→ **Task directions**
In the listing below, find the line with "Belle semaine d'extérieur" and the line with "- 尽可能的不发送敏感信息,应考虑到启动public Activity", then return them and every line between them exactly, minus the pictures.
━━━━━━━━━━━━━━━━
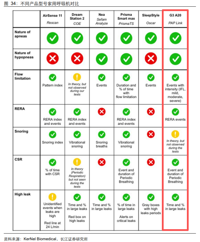 鱼跃医疗联合中科院开发的传感器实现95.4%本土化率,在降低成本的同时推动设备普及;瑞迈特则实现风机等核心部件国产化,其G3 A20型号在呼吸事件探测、气流受限响应、漏气补偿等关键参数上,已与全球龙头瑞思迈的旗舰产品AirSense 11处于同一水平线。
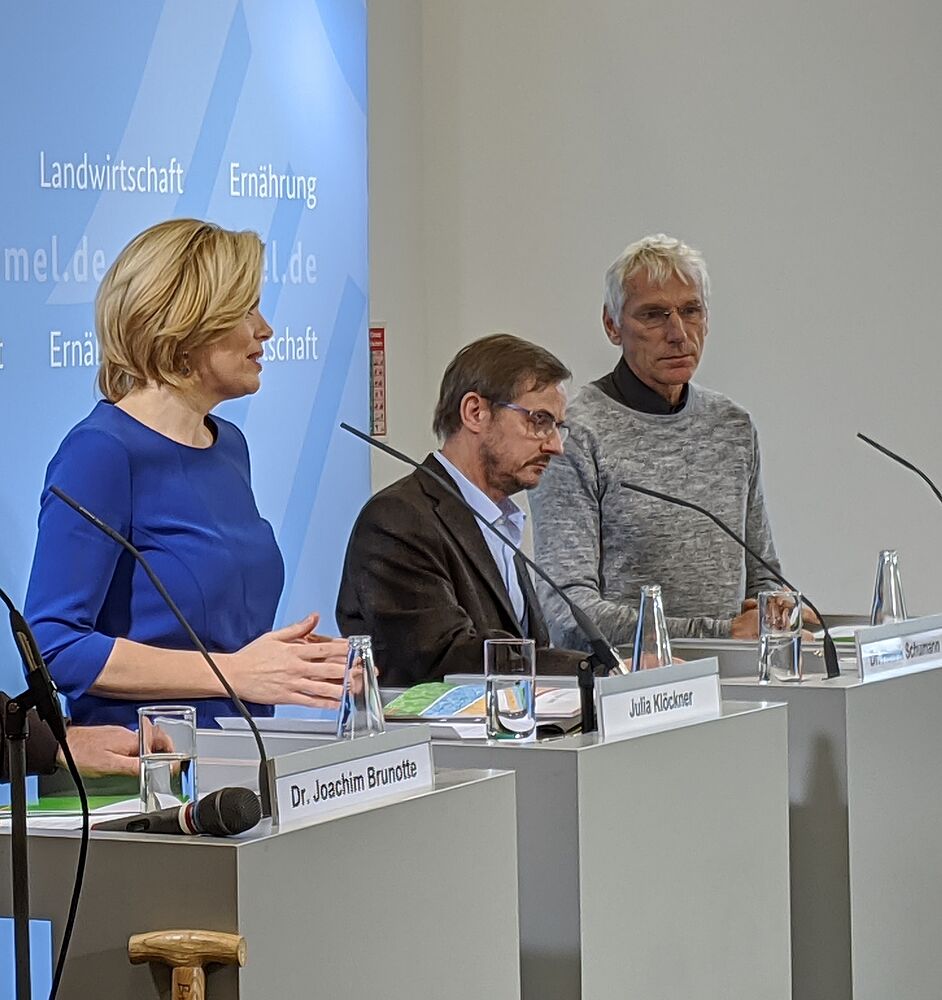 Die Bundesministerin für Ernährung und Landwirtschaft, Julia Klöckner, hat heute (19.12.2019) in Berlin auf einem Pressetermin die Ackerbaustrategie ihres Hauses vorgestellt. An der Erarbeitung der Grundlagen des Strategiepapiers war das Julius Kühn-Institut (JKI) maßgeblich beteiligt. Zwölf Experten des JKI, darunter der Präsident, Prof. Dr. Frank Ordon, und Leiterinnen bzw. Leiter einzelner JKI-Fachinstitute, lieferten wissenschaftlichen Input. Das JKI koordinierte darüber hinaus die Mitwirkung weiterer Forschungseinrichtungen und Behörden und war federführend bei der Erarbeitung des Berichtes über die Handlungsempfehlungen für die Strategieentwicklung.
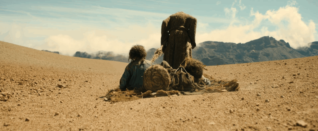 Als der Fremde aka Gandalf die beiden Hobbits Nori und Poppy durch die Gegend schleift. (Rings of Power: S02/E02)
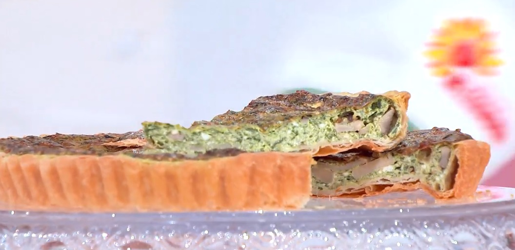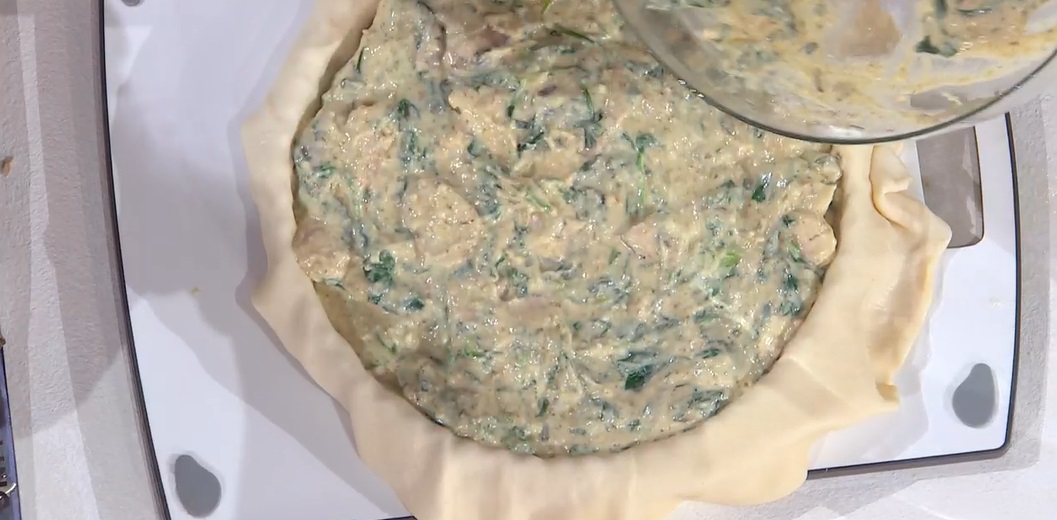 In una ciotola mettiamo le erbette, uniamo i funghi, la ricotta, la presciunseua (in alternativa possiamo usare lo yogurt greco mischiato ad altra ricotta), il formaggio grattugiato, tre uova, un pizzico di sale e di pepe e amalgamiamo bene tutto. Foderiamo con la sfoglia una tortiera per crostate, versiamo all’interno il ripieno e lo livelliamo. Inforniamo a 180⁰ per circa 40 minuti: la base dev’essere dorata.
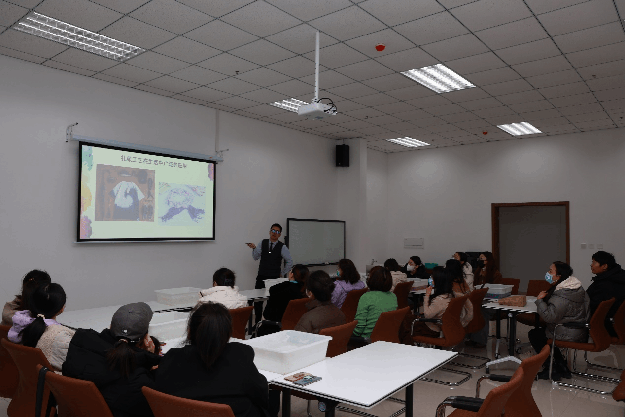 为全面贯彻党的二十大精神,弘扬传统民族文化,丰富女教师文化生活,激发对传统技艺的兴趣,2023年12月1日,在教师发展中心励学坊,由学院工会和图书馆联合举办“巧手来扎染”女工活动,工会主席郭雅娟、女工委员班岚、图书馆参考咨询部主任吴素舫等近40名教职工参加此次活动。
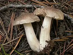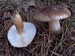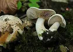 Tricholoma ustale | Necunoscută. | Toxicitate: slab gastrointestinal. Miros neremarcabil sau slab făinos și gust amar.[85] | ![]() | Tricholoma virgatum | Necunoscută. | Toxicitate: destul de grav gastrointestinal. Miros neplăcut și gust amar, foarte iute.[86] |
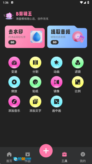 4、工具页面整合了去水印、提取音频功能,同时还提供变速、分割、动画、滤镜等实用工具。
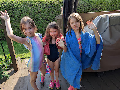 Belle semaine d'extérieur qui est passée rapidement. Plusieurs baignades à la maison, un cours de natation et deux fois à la piscine municipale. Pendant que je travaillais.
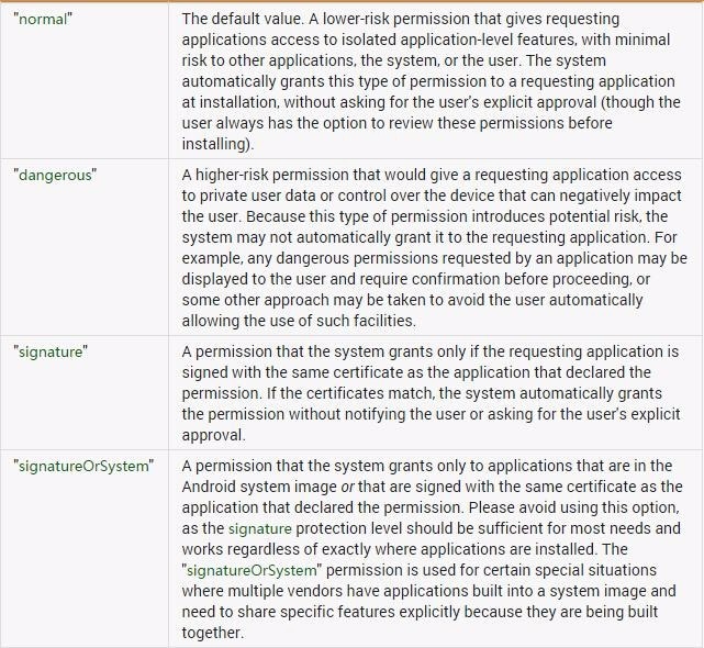- 尽可能的不发送敏感信息,应考虑到启动public Activity 中intent 的信息均有可能被恶意应用窃取的风险
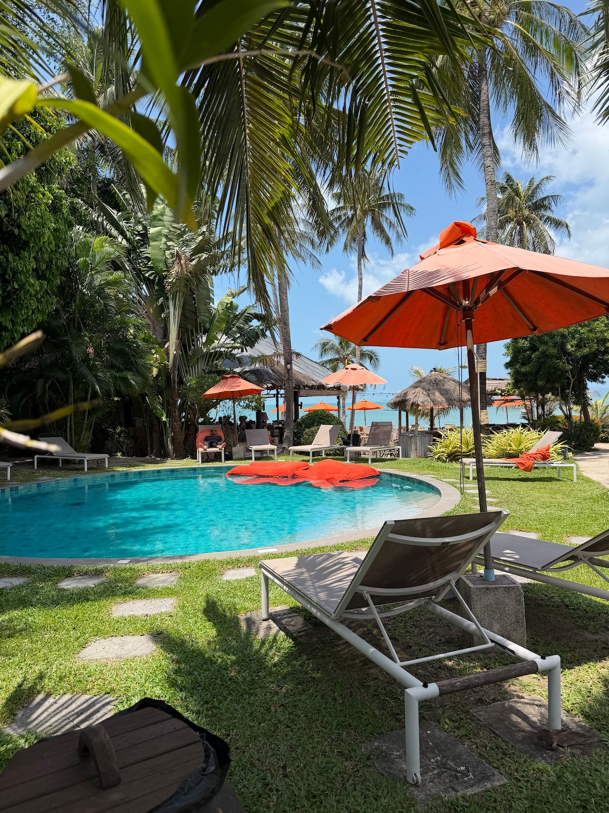 Bangalô reformado em junho de 2024 em um resort de 16 bangalôs e 3 casinhas com um restaurante/bar aconchegante. Situado no coração de um magnífico jardim arborizado com uma piscina central A apenas 100 metros da esplêndida praia de Maenam, nosso hotel é ideal para uma estadia relaxante sem crianças Desfrute de um ambiente sereno onde você pode relaxar e ler à beira da piscina. Estamos à sua disposição para atender a todas as suas necessidades e tornar a sua estadia o mais agradável possível.
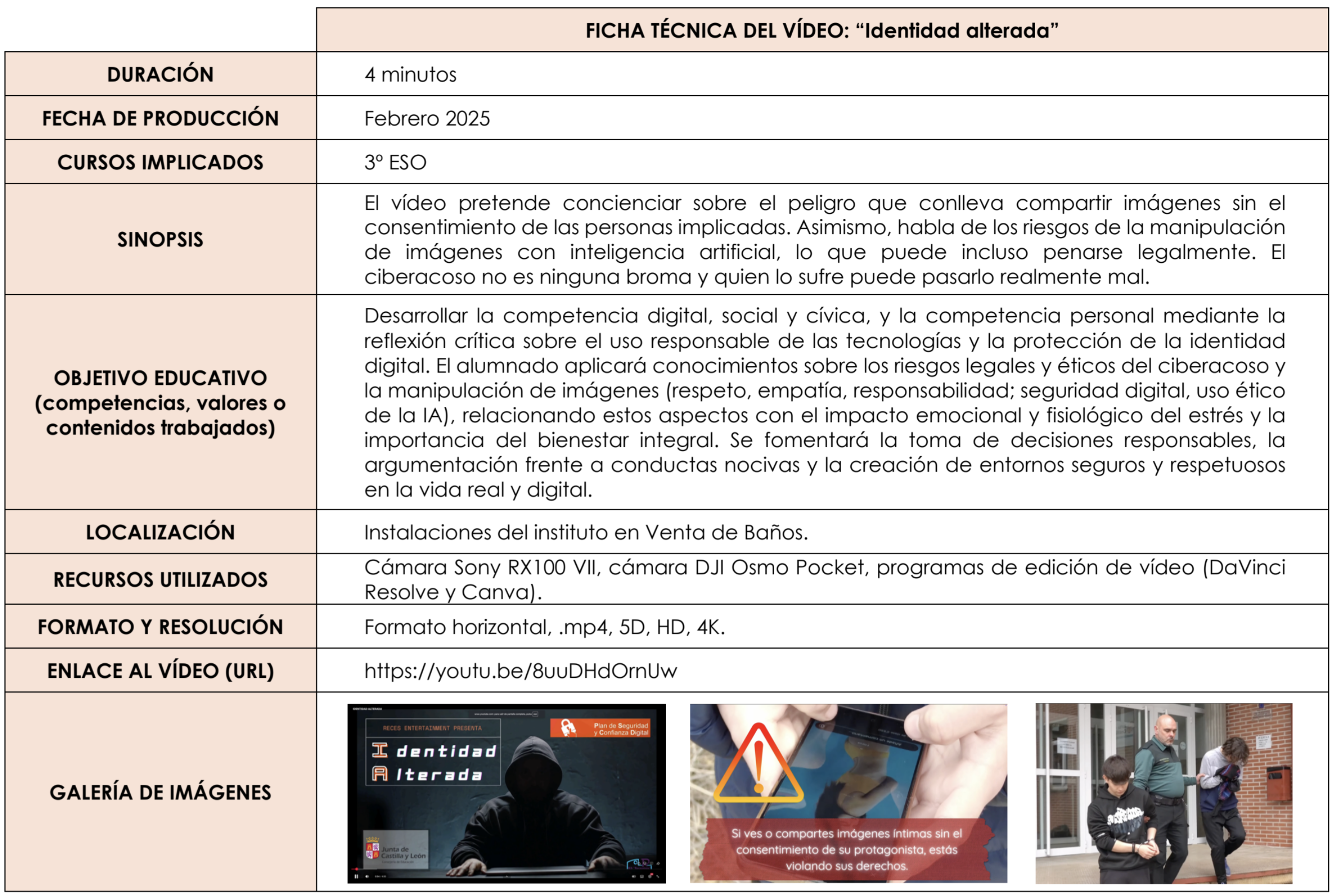 3º PREMIO en el concuso del Plan de Seguridad y Confianza Digital con nuestro corto contra el ciberacoso "Identidad Alterada" en el curso 24/25.
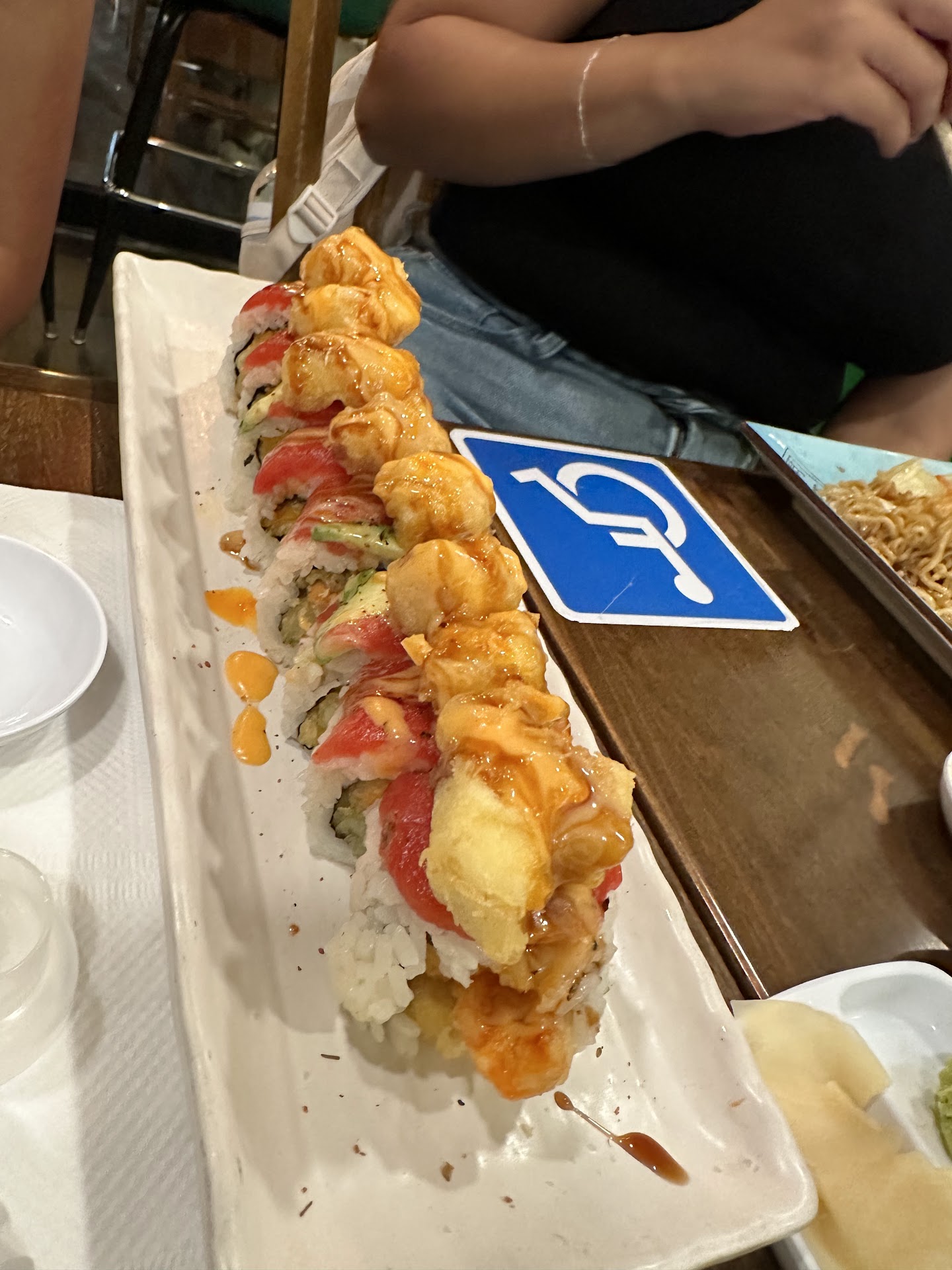 Read moreWe were sitting right away. However, we weren't impressed by the service. We came in hungry, hoping to have a good first experience here, but ended up being attended to and served after someone else who came in after us. As someone who has worked restaurants for almost a decade, i wasn't pleased. We were about to leave when suddenly we finally got our food. If it wasn't for the chef, we probably would've waited longer to get menus and left sooner. However, the rolls were drowned in sauce and mayo WAY too much. Barely can taste the fish and was not a well-rounded taste as well as inconsistency all the way through.. I see the direction they wanted to go but was not executed structurally or taste wise. Unfortunately, I was hoping to have some AMAZING rolls considering how long we had to wait to get them, but they were not amazing it was rather "MEH".. If it wasn't for the chef being WELCOMING and not being charged for the vegan roll, we would put 1 star. Ps- THE SUGGESTED TIP RATES ARENT MATHEMATICALLY ACCURATE, THEY ADD MORE ON AS IF WE...
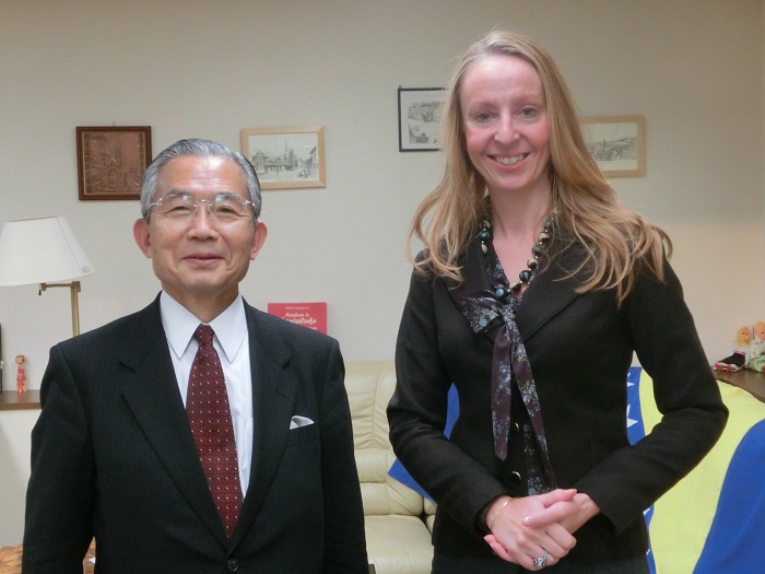 クンドウロビッチ駐日ボスニア・ヘルツェゴビナ大使と湯下専務理事との面談 日欧文化経済委員会 2014年12月12日更新 とき 平成26年(2014)12月10日(水) 15時~15時40分 ところ 在日ボスニア・ヘルツェゴビナ大使館 参加者・ゲスト等 アネッサ・クンドウロビッチ駐日ボスニア・ヘルツェゴビナ大使、湯下博之FEC専務理事
━━━━━━━━━━━━━━━━
→ **Finished task**
 Belle semaine d'extérieur qui est passée rapidement. Plusieurs baignades à la maison, un cours de natation et deux fois à la piscine municipale. Pendant que je travaillais.
- 尽可能的不发送敏感信息,应考虑到启动public Activity 中intent 的信息均有可能被恶意应用窃取的风险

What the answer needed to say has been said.